Linux Network Programming [5] non-blocking communication epoll

Source: Internet
Author: User
Tags epoll
Document directory
  • PPC
  • TPC
  • Select
  • Poll
  • Epoll

Epoll Introduction

Epoll is introduced in the linux 2.6 kernel. It replaces the previous select/poll model and can fully support large-scale concurrent network programs in linux.

Comparison between Epoll and other concurrent network programs in linux PPC

A typical Apache model, Process Per Connection, creates a Process for each new Connection for relevant processing.

TPC

Thread Per Connection creates a Thread for each new Connection for related processing. Obviously, the overhead of PPC and TPC is large, especially in the case of a large number of connections.

Select

1. maximum number of concurrent threads, because the FD opened by a process (file descriptor) is limited, which is set by FD_SETSIZE. The default value is 1024/2048, therefore, the maximum concurrency of the Select model is limited accordingly. Modify FD_SETSIZE by yourself? Although the idea is good, let's take a look at the following...

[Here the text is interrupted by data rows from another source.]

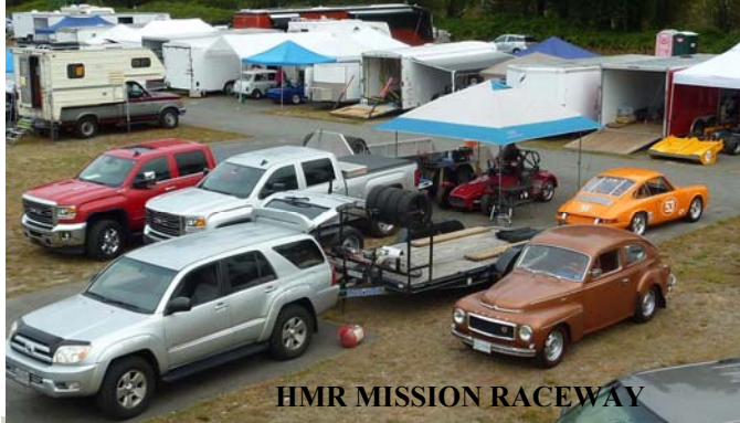
HMR MISSION RACEWAY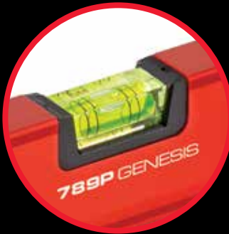
Solid acrylic epoxy locked vial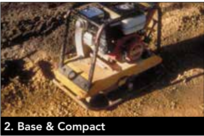
2. Base & Compact

Lay patio stones in the desired pattern. If the desired pattern requires cutting, the patio stones can be cut with a wet saw.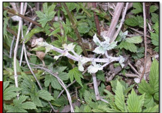
Powdery Mildew on Flag Shoots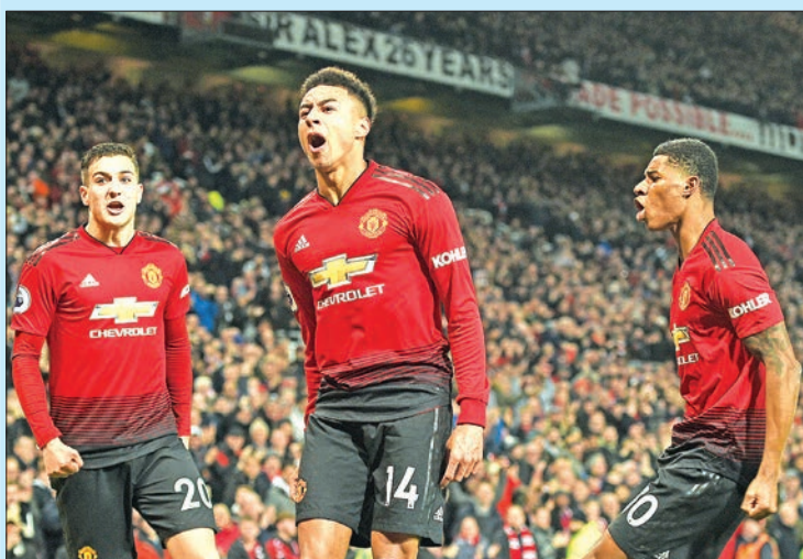
Manchester United's Jesse Lingard celebrates his equaliser in a thrilling 2-2 draw with Arsenal on Wednesday.

Herrera responded quickly, although replays suggested he may have been fractionally offside, reaching the loose ball on the by-line and turning it into the six-yard area where Martial was able to convert. That dramatic pattern would be repeated after 68 minutes when Arsenal regained a lead they could only hold, on this occasion, for 74 seconds. Lacazette played a one-two with fellow substitute Henrikh Mkhitaryan and advanced into the area where Rojo tackled him from behind and succeeded only in turning the ball into his own net. But there could be no faulting United's response as Arsenal panicked at a long ball punted forward, almost directly from kick-off.—AFP ■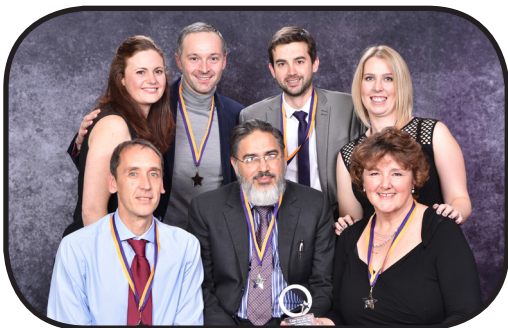
Clinical Team of the Year Radiotherapy

2. efficiency problems: each select call will linearly scan all FD sets, which will result in a linear decline in efficiency. The consequence of increasing the FD_SETSIZE is that everyone is coming slowly. What? All timeout ??!!

3. How does the kernel notify the user of the FD message when copying the kernel/user space memory? On this issue, select adopts the memory copy method.

Poll

Basically, the efficiency and select <1> support for a process to open a large number of socket Descriptors (FD)

Epoll

1. the most intolerable thing about select is that the FD opened by a process has certain limitations, which are set by FD_SETSIZE. The default value is 2048. For IM servers that need to support tens of thousands of connections, there are obviously too few. At this time, you can choose to modify this macro and then re-compile the kernel, but the materials also pointed out that this will bring about a decline in network efficiency; second, you can select a multi-process solution (the traditional Apache solution). However, although the cost of creating a process on linux is relatively small, it cannot be ignored, in addition, data synchronization between processes is far less efficient than inter-thread synchronization, so this is not a perfect solution. However, epoll
Without this limit, the FD ceiling supported by it is the maximum number of files that can be opened. This number is generally much larger than 2048 supported by select. For example, the number of machines with 1 GB of memory is about 0.1 million. You can check the number of machines with cat/proc/sys/fs/file-max, in general, this number has a lot to do with the system memory.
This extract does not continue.